4-Methyl-N-[[[3-(trifluoromethyl)phenyl]amino]carbonyl] benzenesulfonamide

Administrative data

Endpoint:

acute toxicity: oral

Type of information:

experimental study

Adequacy of study:

key study

Study period:

7 August 2019 to 7 October 2019

Reliability:

1 (reliable without restriction)

Data source

Materials and methods

GLP compliance:

yes (incl. QA statement)

Test type:

acute toxic class method

Limit test:

no

Test material

Test animals

Species:

rat

Strain:

Crj: CD(SD)

Sex:

female

Details on test animals or test system and environmental conditions:

TEST ANIMALS:
Number: 12
Age at study initiation: 7 weeks
Weight at study initiation:
1st step: 196.8g to 202.5 g
2nd step: 202.7-204.4 g
3rd step: 207.4 to 216.7
4th step: 195.2-212.9 g
Six days of quarantine/acclimatization in groups of 3 animals per cage.
After Quarantine, the animals were acclimatized under group housing of three of fewer animals per cage until group allocation. The animas were housed in a barrier system animal rooms
pellet diet: ad libitum
water: ad libitum

ENVIRONMENTAL CONDITIONS
Temperature: 21-25 °C
Rel. Hum. 40-79%
Air change per hour: 15
Photoperiod of 12 hours light per day

Administration / exposure

Route of administration:

oral: gavage

Vehicle:

olive oil

Details on oral exposure:

Rationale for the selection of the starting dose: In absence of data regarding the toxicity of the test item, 300 mg/kg bw was chosen as starting point.

Doses:

1st/2nd step: 300mg/kg; 10 mL/kg
3rd/4th step: 2000 mg/kg, 10 mL/kg

No. of animals per sex per dose:

3

Control animals:

no

Details on study design:

The animals were fasted for 17-19 hours before the administration, and for three to four hours after the administration.
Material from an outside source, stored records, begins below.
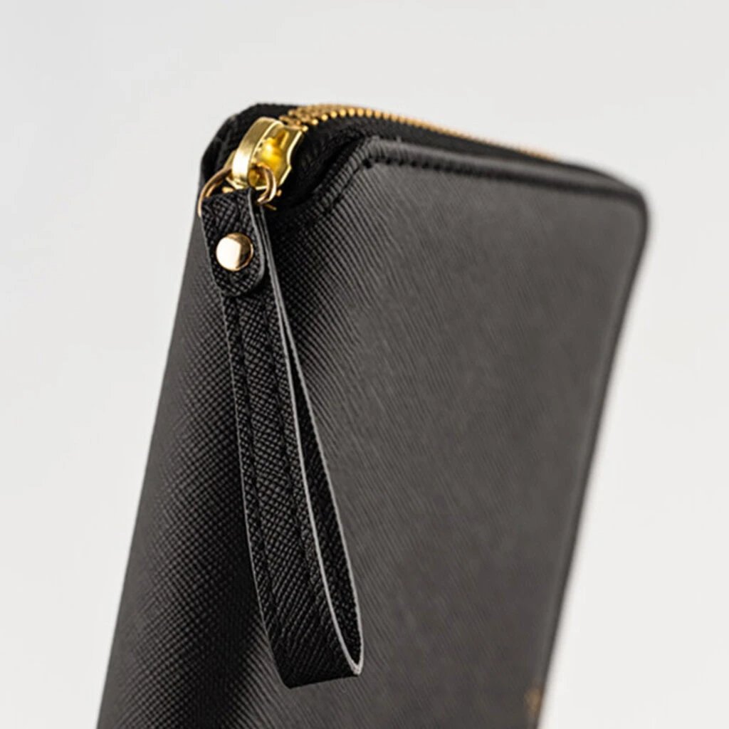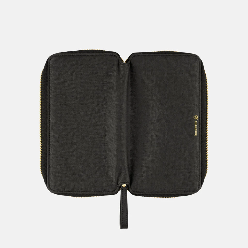 The cover interior is also a chic shade of black reminiscent of a quiet night sky. The pen hook is designed to hold a pen by its clip.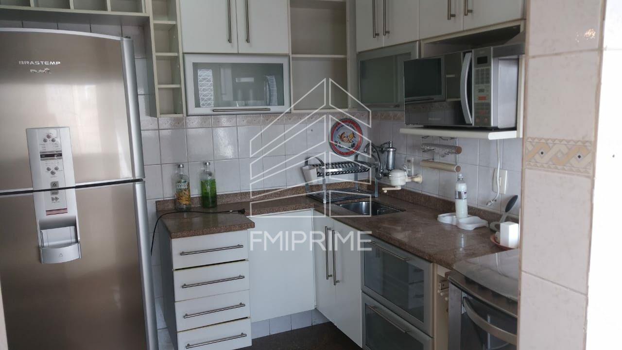 Apto. amplo de 82 m2 com dois dormitórios , sendo uma suíte e o segundo dormitório com sacada; sala com varanda em três ambientes: sala de estar, jantar e sala de TV (terceiro dormitório foi aberto ampliando a sala); 2 banheiros; armários planejados nos dormitórios e cozinha; 2 vagas de garagem cobertas.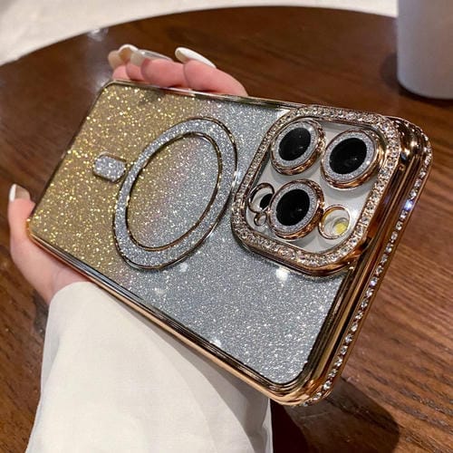 Estuche para Teléfono iPhone 15 Pro Magsafe Chapado en Brillo con Degradado de Diamante (Dorado)
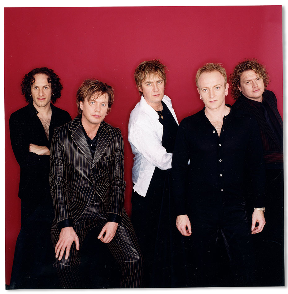 Euphoria album shoot 1999. Color promotional photo featuring Joe Elliott, Phil Collen, Rick Savage, Vivian Campbell, and Rick Allen standing in front of a red background. From the collection of Def Leppard.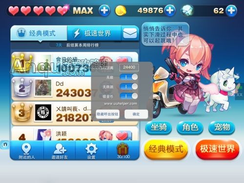 3、安装完成之后我们进入天天酷跑游戏,点开UU助手,设置飞行距离24400米(建议不要超过),开启无敌,开启无限跳,如果之前你安装了叉叉助手,请记得先关闭叉叉助手哦!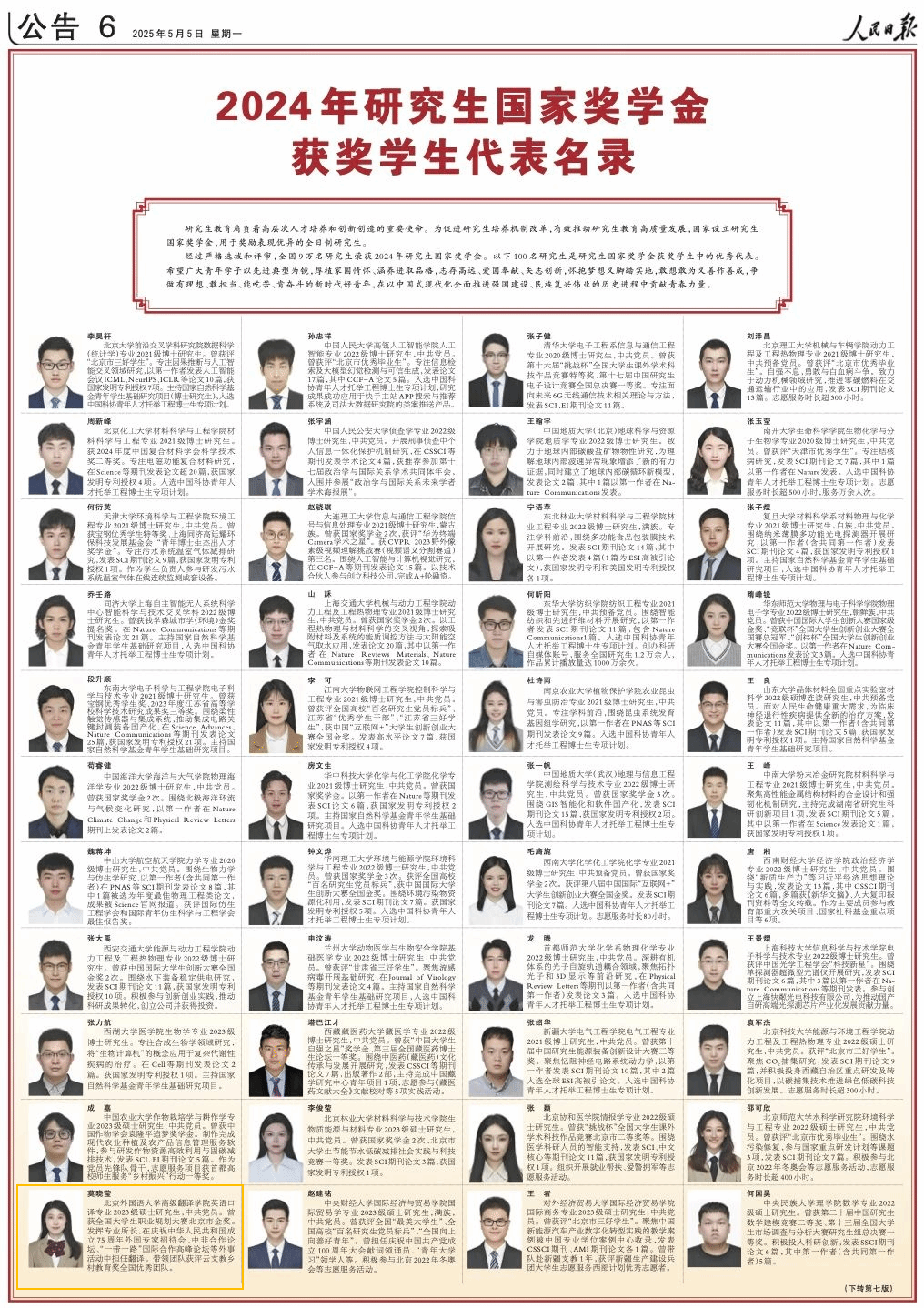 5月5日,tyc7111cc太阳成集团英语口译专业2023级硕士研究生莫晓莹,获登《人民日报》2023-2024学年度研究生国家奖学金获奖学生代表名录。2023-2024学年度,全国共有9万名研究生荣获国家奖学金。其中,100人登上《人民日报》国家奖学金获奖学生代表名录。莫晓莹 tyc7111cc太阳成集团英语口译专业2023级硕士研究生,中共党员。曾获全国大学生职业规划大赛北京市金奖。发挥专业所长,在庆祝中华人民共和国成立75周年外国专家招待会、...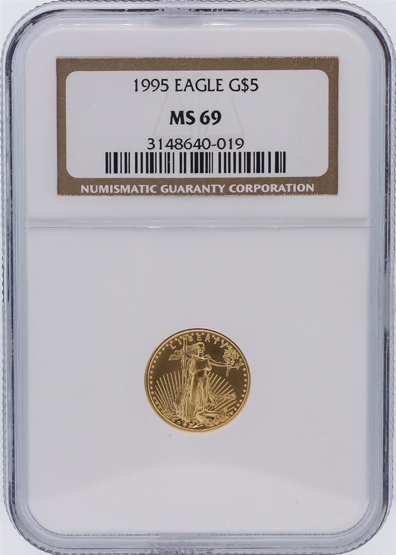 One 1995 NGC Graded MS69 $5 American Eagle 1/10 oz Gold Coin. NGC Certified.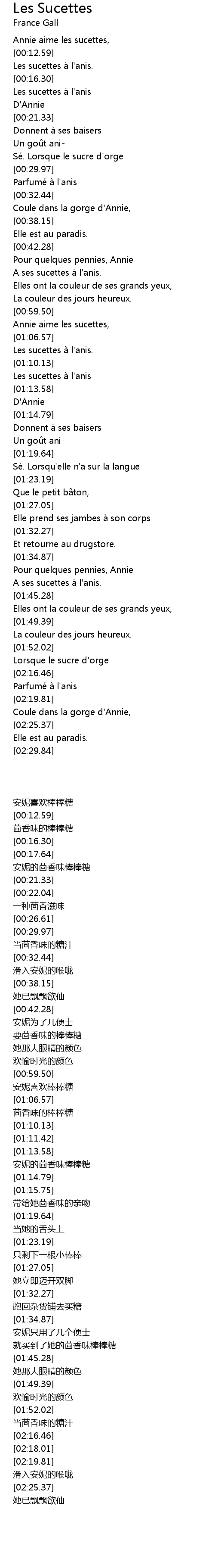 | [00:17.64] | Les sucettes a l' anis |
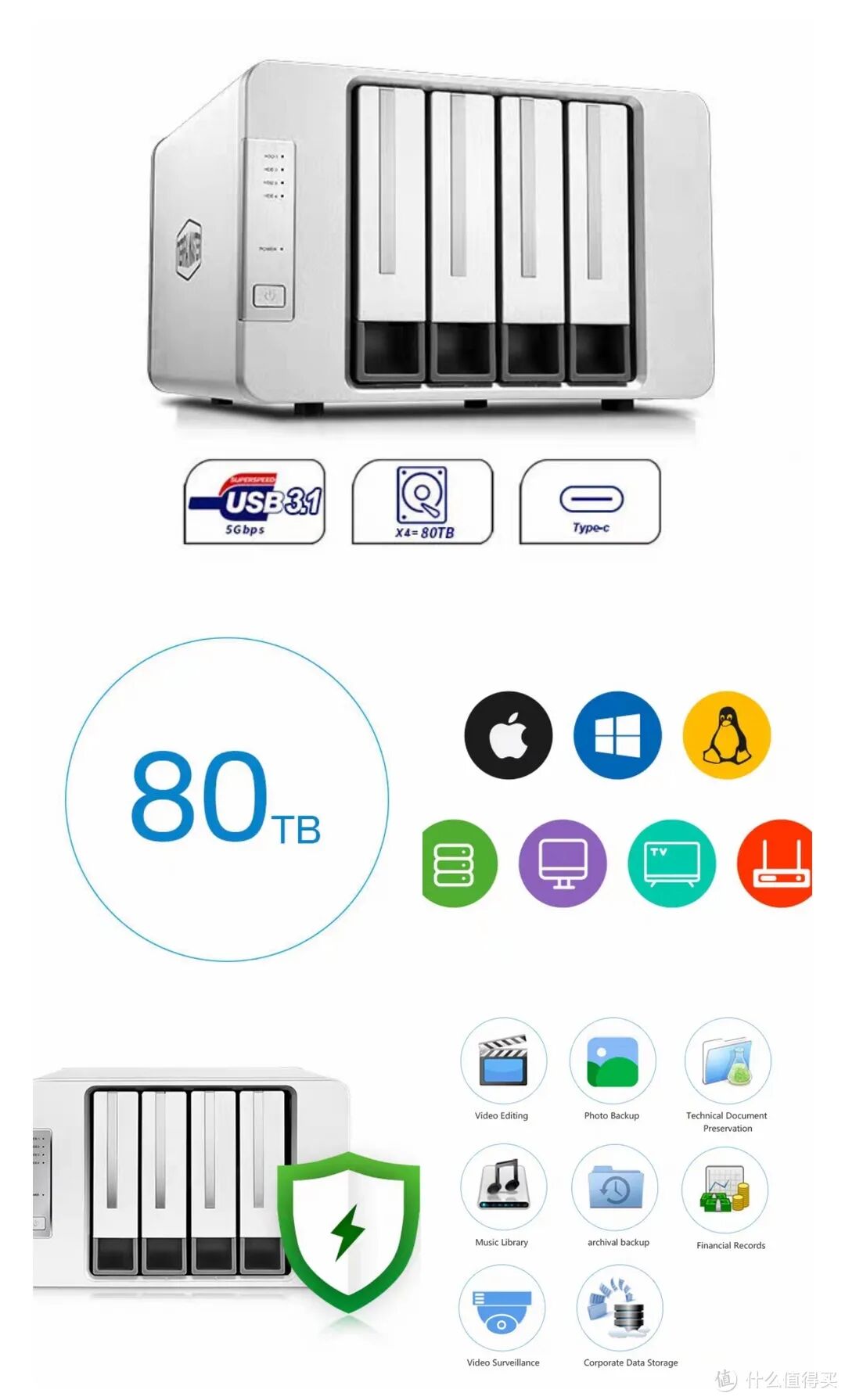 这款铁威马D4-300不带阵列的,看外观像NAS,USB直插款其实就是硬盘盒,没有管理软件,没有阵列模式,简简单单就可以使用,适合绝大多数的人。毕竟学NAS的使用成本很高,不仅更费钱,还更花时间,不利于推广。我家两款NAS用的最多的就是PT下载,以及手机上的图片备份。

The administration was performed once by gavage. The administration was conducted with a syringe at the volume of 10 mL/kg based on the body weight measured on the administration day.
Duration of the observation period following administration: 14 days.
Frequency of observations and weighing: body weights were recorded on days 0 (before administration) , 7, 14, or at death, clinical signs; 10 mins, 30 mins, 1 hour, 2 hours, 3 hours, 4 hours, and 5 hours after dosing, once daily thereafter.
Necropsy of survived animals was done after 14 days, of dead animals immediately after dead. External surface of the body, all orifices, subcutis, cranial, thoracic, abdominal, and pelvic cavities with their contents were observed.

Results and discussion

Mortality:

1

Clinical signs:

other: Adverse effects on the digestive tract and nervous system was observed. Mucous stool was observed at 300 and 2000 mg/kg. It was considered as adverse effects on the digestive tract. The effects had good reversibility.

Gross pathology:

In the general clinical observation, salivation, restlessness, lacrimation, decreased spontaneous locomotion, decreased respiratory rate and incomplete eyelid opening were observed mainly at 2000 mg/kg. Salivation and restlessness were considered to be caused not by irritation of the test substance but by adverse effects on the nervous system, since no findings associated with the irritability was observed in the necropsy of the dead animal. Lacrimation might be caused by the adverse effects on the nervous system. Decreased spontaneous locomotion, decreased respiratory rate and incomplete eyelid opening were caused by the adverse effects on the digestive tract and/or nervous system. Since these toxic symptoms disappeared by one day after the administration except for the dead animal, and since the body weight increase was normal seven days after the administration, the adverse effects had good reversibility.

Applicant's summary and conclusion

Interpretation of results:

Category 5 based on GHS criteria

Conclusions:

The hazard class of the acute oral toxicity of the substance was classified to Category 5 since no mortality or moribundity occurred in any animals of the 1st or 2nd step at 300 mg/kg or 4th step at 2000 mg/kg, but one animal was dead in the 3rd step at 2000 mg/kg.

Executive summary:

The hazard class of the acute oral toxicity of the substance was classified to Category 5 since no mortality or moribundity occurred in any animals of the 1st or 2nd step at 300 mg/kg or 4th step at 2000 mg/kg, but one animal was dead in the 3rd step at 2000 mg/kg.